# CPC-A no experience: does adding more certificates help?



## mhaskins907 (Feb 2, 2022)

I passed the CPC exam in August 2021, I have 15 years of experience as a Biller and Claims Rep with my current company that is a hospital and physician practice but my company does not offer entry level coding even to existing employers, they want 4-6 years of experience. I’ve applied for every possible position to advance within my company but it seems like CPC-A doesn’t even get me a Billing/Collections Specialist or Analyst position. I’ve applied outside of my company to smaller doctors offices but have been met with a lot of rejections. 

Has anyone had any luck obtaining additional certificates with AAPC that have helped them get an entry level coding position 
Like CPMA or CPCO when you are still a CPC-A?


----------



## Coder4Ever123 (Feb 2, 2022)

I am having the same problem. I am having the hardest time in the world getting hired as a coder anywhere because I have the dreaded "A" behind my certification and I don't have experience as an actual coder. It's extremely discouraging.
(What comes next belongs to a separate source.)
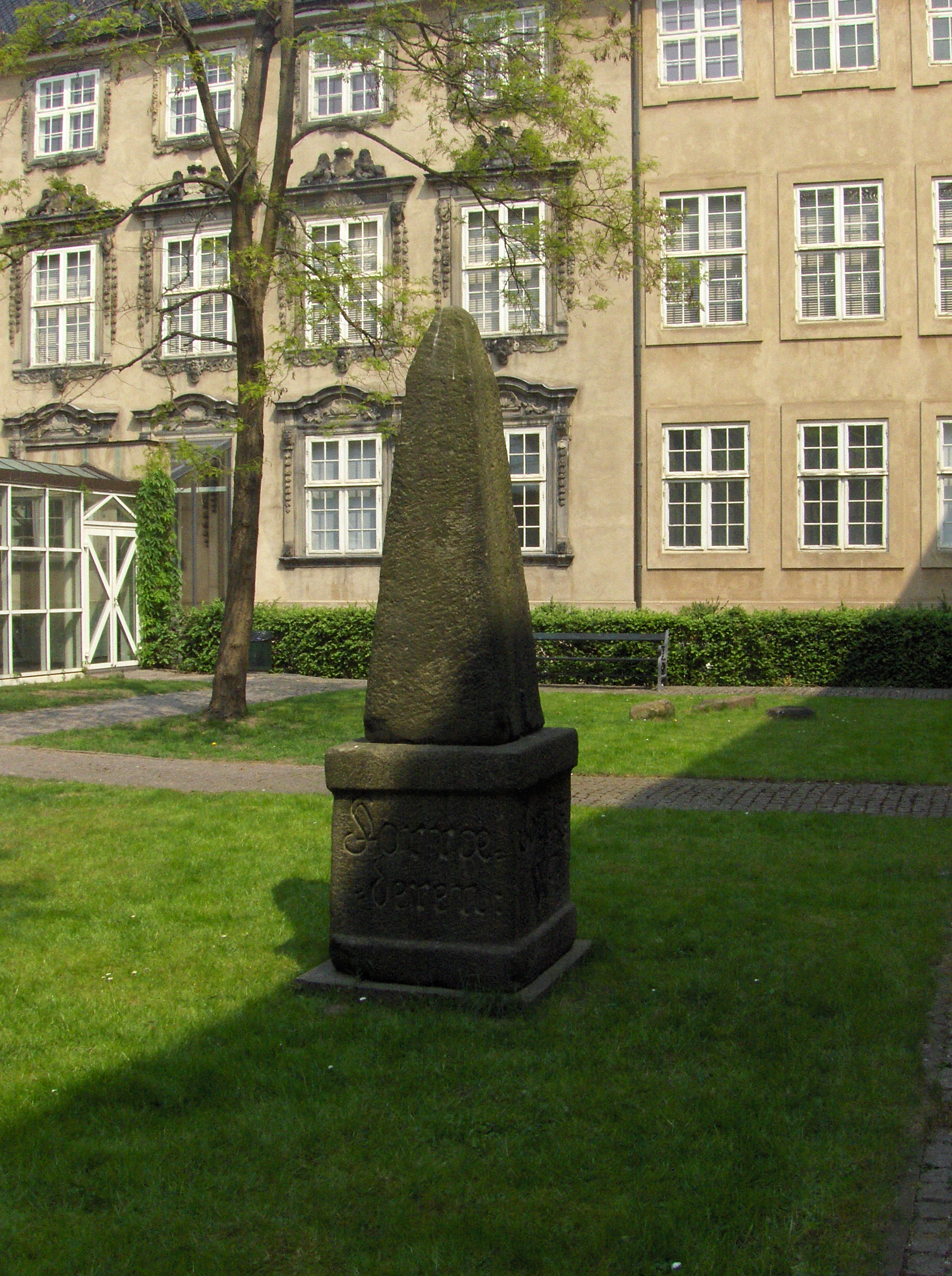 This image was provided to Wikimedia Commons by Nationalmuseet as part of an ongoing cooperative project. The artifact represented in the image is part of the collection of Nationalmuseet. English | +/−

Coding is one of those jobs where experience is absolutely required but literally no one will give it to you.


----------



## csperoni (Feb 3, 2022)

I know it's not easy.  @mhaskins907 you are already doing what I recommend to people.  Unfortunately, your employer is (in my opinion) making a poor decision by not being willing to give existing employees with a proven track record an opportunity.  Other options include networking (local AAPC chapter is a good place).    
I'll say from a hiring manager perspective, if there's a particular position that absolutely requires experience, no amount of certifications will change that.  Even taking Practicode to remove the -A will not change that.  In my opinion, there are positions that do require experience, but there are also positions that don't if you are willing to provide a little extra training.  So for me, someone already in my organization, already familiar with the multiple computer systems, can start working/training on day 1 vs someone from outside awaiting references, drug screening, background check.  If it takes me an extra couple of days/weeks to help guide them with coding, I still wind up with a skilled employee quicker.  And I know that I personally helped shape them into what I am looking for.  Not every hiring manager has that perspective and if you have 100 people apply for a position, 85 of them with experience, it's very easy to put the 15 CPC-As in the reject pile without even glancing them over.  
If there is a position willing to hire CPC-A, with 15 years of related, relevant experience, you should stand out from the crowd.  
I would note - with 15 years of billing and claims experience, you would likely meet the requirements to have your -A removed.  You don't have to be coding per se, but appeals using CPT definitions, appeals for bundling, downcoding, etc. should all qualify.  
I also cannot overstate the importance of a good coverletter for your resume.  Explain why you are making the switch to coding.  Point out your very relevant experience.  You should have several different coverletters and resumes customized for different positions.


----------



## L4114B (Feb 6, 2022)

mhaskins907 said:


> I passed the CPC exam in August 2021, I have 15 years of experience as a Biller and Claims Rep with my current company that is a hospital and physician practice but my company does not offer entry level coding even to existing employers, they want 4-6 years of experience. I’ve applied for every possible position to advance within my company but it seems like CPC-A doesn’t even get me a Billing/Collections Specialist or Analyst position. I’ve applied outside of my company to smaller doctors offices but have been met with a lot of rejections.
> 
> Has anyone had any luck obtaining additional certificates with AAPC that have helped them get an entry level coding position
> Like CPMA or CPCO when you are still a CPC-A?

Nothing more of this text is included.